A Cruel Time For College Applicants

I wish I could have more sympathy for Webster T. Trenchard's sympathy for the college applicant. In his August 23 op-ed in the Boston Globe he takes on one inconsistency in the college application process that he finds particularly problematic. Of all the issues there are, I'm afraid Mr. Trenchard's point is just not that strong and can be easily explained away.

He describes a common situation. Prospective students who visit college campuses or read the literature are told that SAT scores fall in a range and that institutions are looking for diversity and a complex suite of attributes that are indescribable by simply looking at grades and scores. Students are encouraged to apply because "you'll never know." Cynicism is put aside, and students and parents may pin their hopes often on a dream and not on their reality. Then comes the acceptances, when it appears as if grades and scores matter very much. Expansive welcomes turn into explanations of how students just weren't competitive in the pool.

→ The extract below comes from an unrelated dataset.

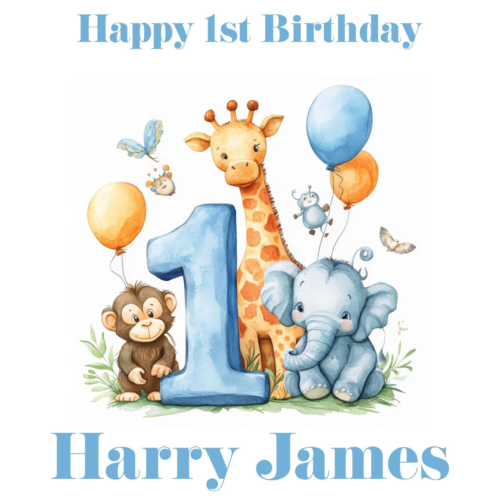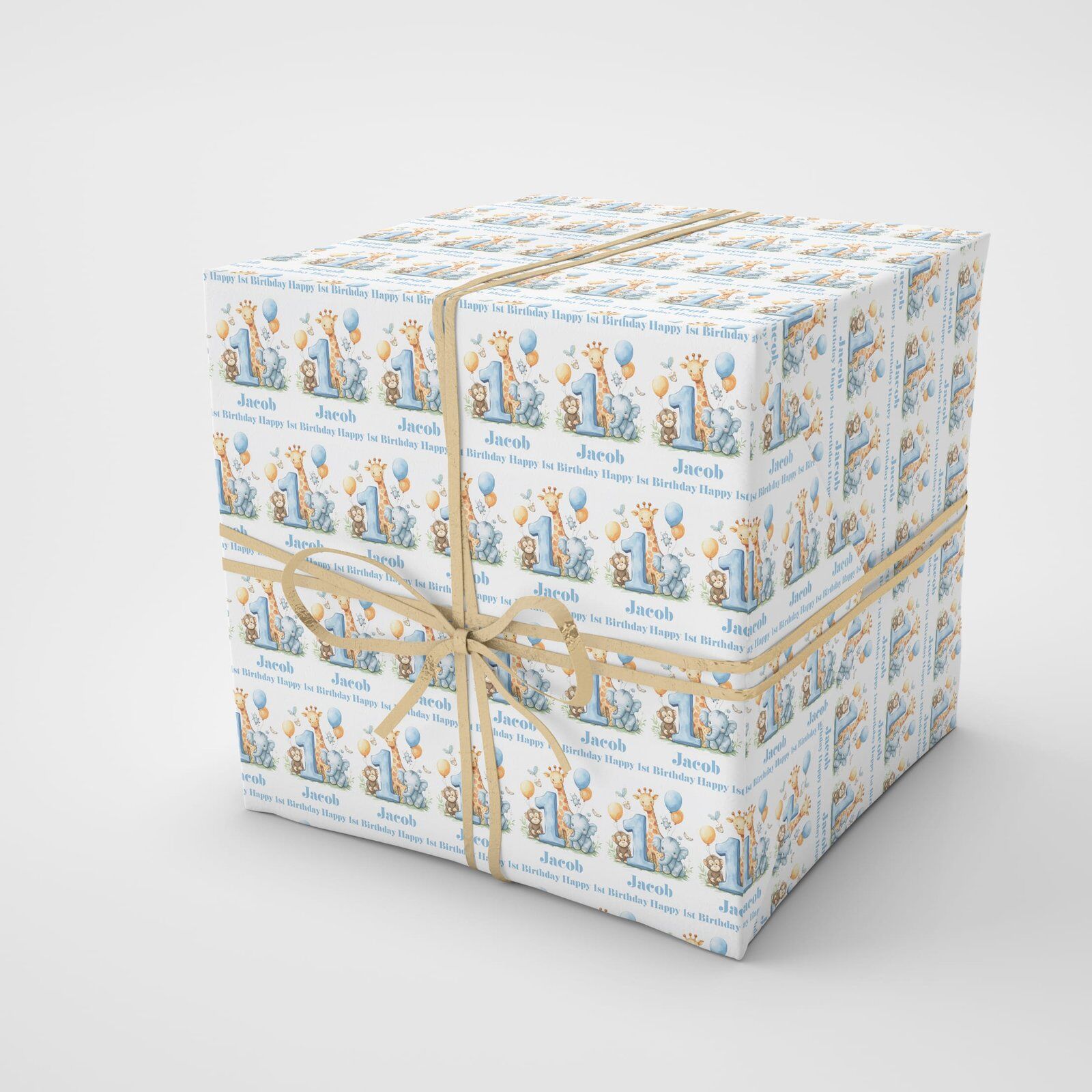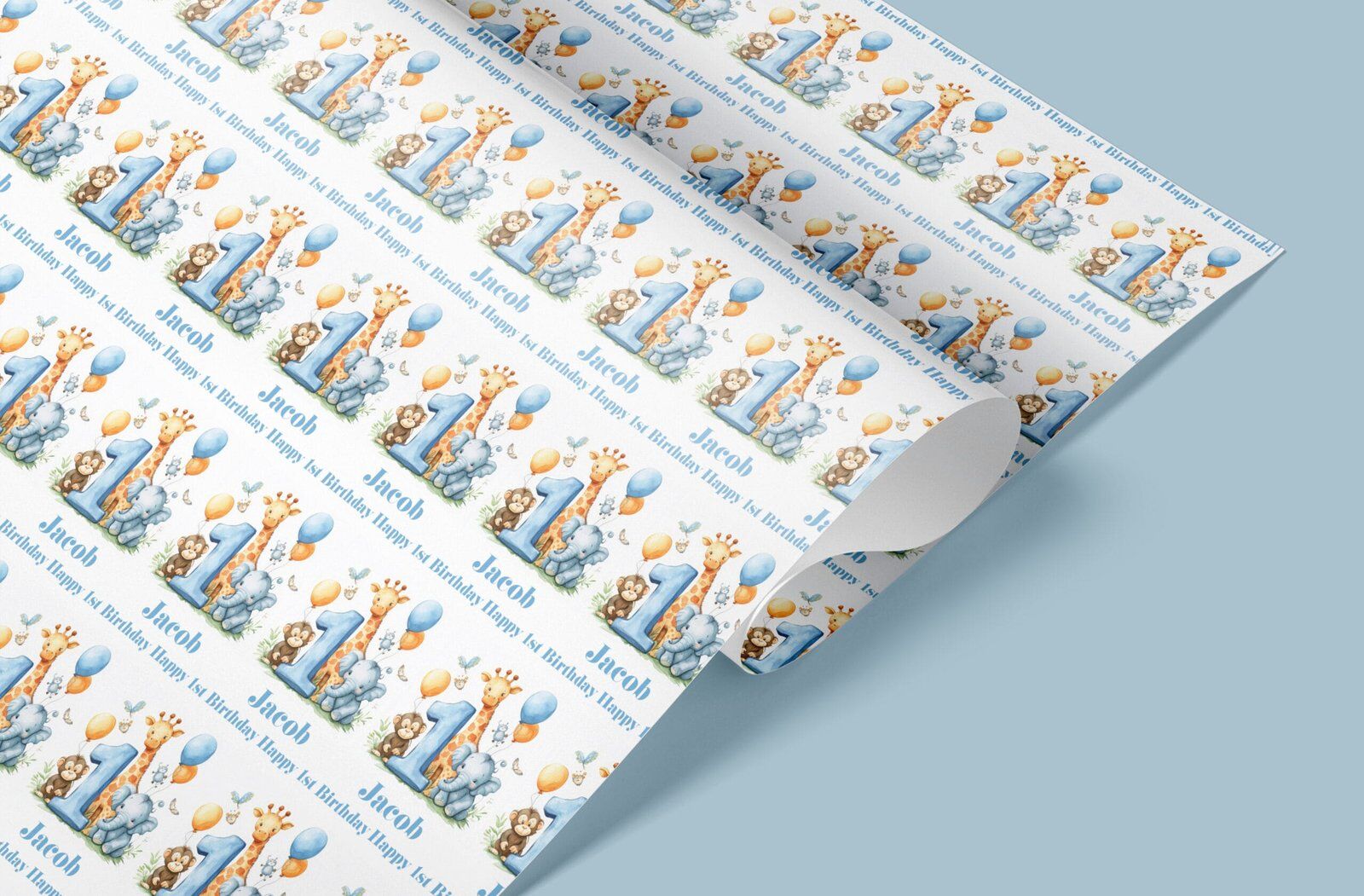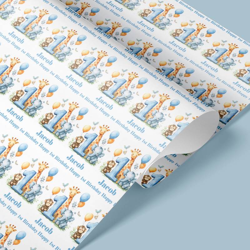 1st Birthday Blue Safari Animals Gift Wrap

Mr. Trenchard wisely understands that the admissions officers operate in a competitive environment themselves and are more than encouraged to bring in the most number of applicants as possible. After all, the more applicants who apply and are rejected, the more selective the institution appears in the all-important college ranking systems. He just doesn't want parents and students to get their hopes up and he feels their pain. He feels there is a discrepancy between the position of the admissions officers when they are selling and when they are accepting.

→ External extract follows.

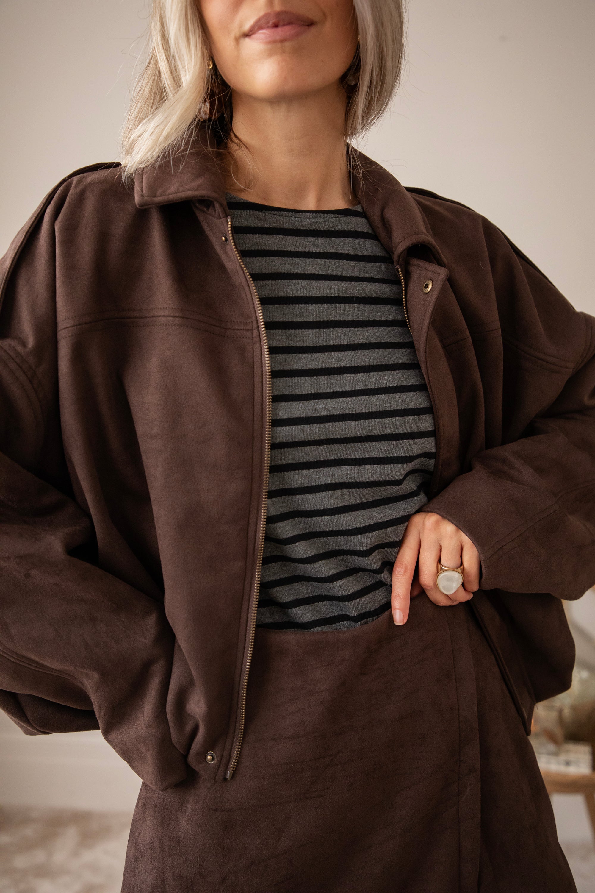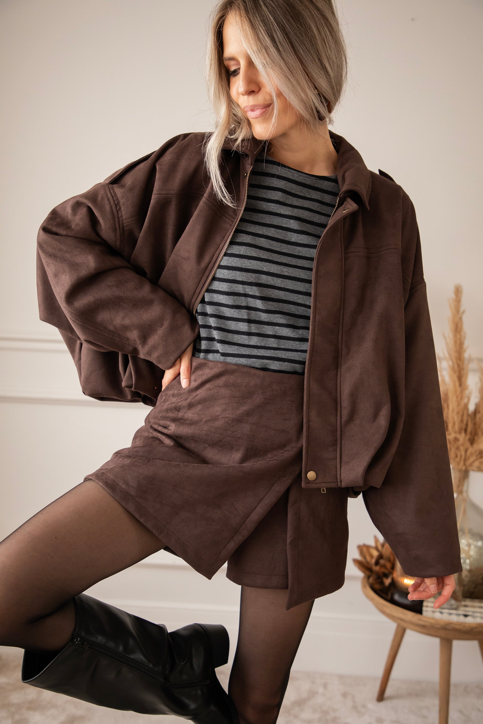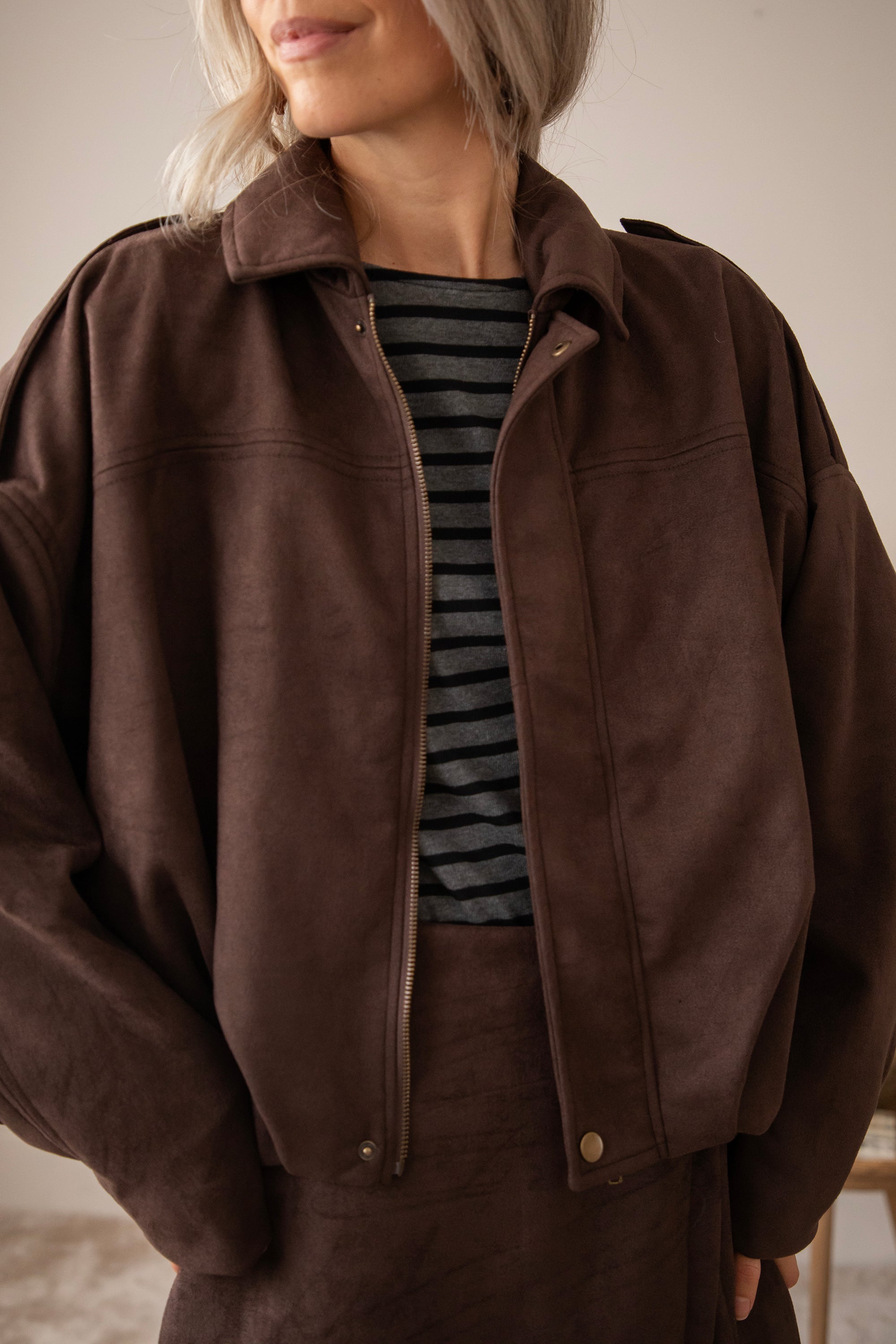 Omg girls… this jacket is such a vibe! 😍 Our Sienna Suede bomber jacket comes in this season's trendiest color and feels like pure luxury in jacket form 🤎 Suede is totally hot & happening this fall, and believe me, the bigger, the better!

I would suggest to Mr. Trenchard that the admissions staff feel no such discrepancy and not only to do they believe that anything is possible during the admissions process but they have acceptances to back it up. College admissions offices are still reading individual applications and giving individual consideration to applicants. It is true that a student whose SATs and grades are radically below those required of an institution's stated standards cannot expect an offer of admission just because he or she has won an Olympic medal or brought peace to the Middle East. But where the student is within range or at the low end, such a student has a chance for consideration. And that is what the admissions officers mean: that kids have a chance. Maybe not your kid, but some kid. Further, no student is accepted in a vaccum. Each is indeed part of a cohort of applications against which he or she is compared. Admissions officers are creating a class. That is why a student with identical scores and grades from different coasts will get a different response to an Eastern school. Yet both sets of parents heard the same marketing pitch and both students had the same "chance." I'm not saying it is fair. I'm not sure the admissions staff is saying it is fair either.

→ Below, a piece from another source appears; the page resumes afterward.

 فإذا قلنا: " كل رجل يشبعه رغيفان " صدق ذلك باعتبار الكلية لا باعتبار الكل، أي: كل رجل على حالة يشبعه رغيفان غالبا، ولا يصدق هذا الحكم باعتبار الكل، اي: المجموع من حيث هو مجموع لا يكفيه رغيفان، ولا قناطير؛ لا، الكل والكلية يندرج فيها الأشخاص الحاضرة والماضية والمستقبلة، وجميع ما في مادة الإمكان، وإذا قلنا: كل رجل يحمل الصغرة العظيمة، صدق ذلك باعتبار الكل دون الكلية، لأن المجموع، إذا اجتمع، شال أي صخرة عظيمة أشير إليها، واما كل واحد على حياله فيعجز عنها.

So it has always made sense for students to apply to some schools from which acceptance seems likely, the proverbial "safety" schools and some which are a reach. It is imperative for parents and guidance counselors to understand that the process is fraught with uncertainly now precisely because the pool is so competitive and students are being encouraged to set their sights higher. But I have to say: you just never know. My cousin was accepted to Tufts University, notoriously high-faluting in its admission policy, and Oberlin and rejected from Wesleyan. Why? In another case, a male student from California was admitted to Wesleyan; a similar female student with superior grades from Massachusetts was rejected. We found out it it was a demographic decision: Wesleyan wanted men from California.

So parents can take the admissions officers at their word while understanding that it might not work that way for their child at that particular moment in time.